# [SUPPLIED MATERIAL]
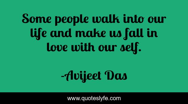 This page presents the quote "Some people walk into our life and make us fall in love with our self.". Author of this quote is Avijeet Das. This quote is about life, love, poetry, walk, passion, fall-in-love, affection,.
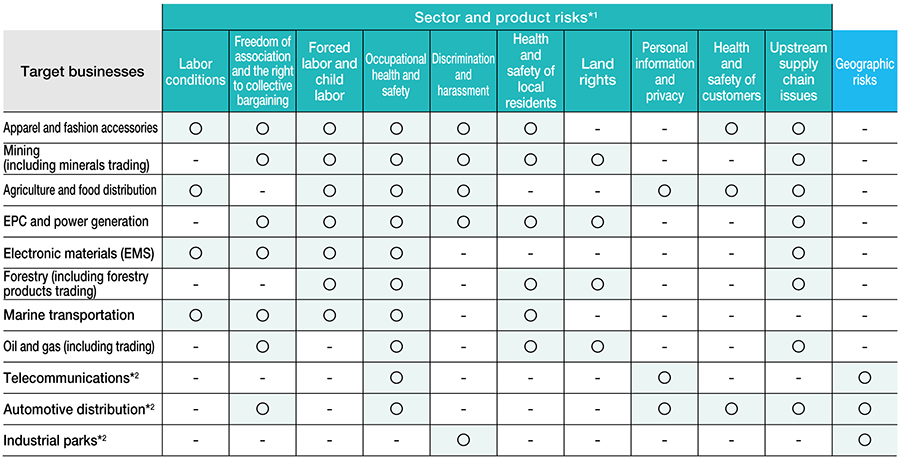 In organizing the risks associated with each sector and product, we expanded our group’s eight salient human rights issues by adding two additional items—“Customer health and safety” and “Upstream supply chain issues”—bringing the total to ten. These were then combined with geographic risk factors to develop a comprehensive mapping, which was organized as follows.
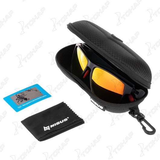 Солнечные поляризационные очки NISUS — отвечают всем требованиям качества: современный эргономичный дизайн, прочные легкие материалы. Линзы с поляризационным фильтром UV 400, задерживают 99-100% ультрафиолета и не пропускают свет с длиной волны до 400 нанометров. Такой тип линз делают вид более четким, а цвета более насыщенными, уменьшают слепящий солнечный свет и блики. Очки с поляризацией просто незаменимы при определенных видах деятельности: вождение автомобиля, рыбалка, катание на лыжах и т.д. Цвет линз: оранжевый. В комплекте: 1 поляризационные очки; 1 жесткий чехол; салфетка; тестер для проверки поляризации очков. Корпус поликарбонат Поляризационные линзы 400 УФ защита Цвет линз: оранжевые Цвет оправы: черный. Утолщенные дужки для дополнительной фиксации. Ширина: 134 мм Длина дужки: 133 мм Носовая перемычка: 18 мм Вес: 27гр
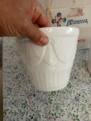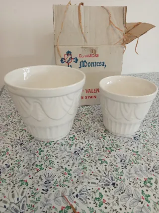Bonita pareja de maceteros antiguos de cerámica de Manises. - Fabricados en España. - Diseño con relieve. - Color blanco.,vienen 2 en la caja original de el Manises de la casa montesa

# [TASK ITEM]
From the first line above down to the line with "In organizing the", reproduce every line and no others, omitting pictures.

# [EXERCISE SOLUTION]
 This page presents the quote "Some people walk into our life and make us fall in love with our self.". Author of this quote is Avijeet Das. This quote is about life, love, poetry, walk, passion, fall-in-love, affection,.
 In organizing the risks associated with each sector and product, we expanded our group’s eight salient human rights issues by adding two additional items—“Customer health and safety” and “Upstream supply chain issues”—bringing the total to ten. These were then combined with geographic risk factors to develop a comprehensive mapping, which was organized as follows.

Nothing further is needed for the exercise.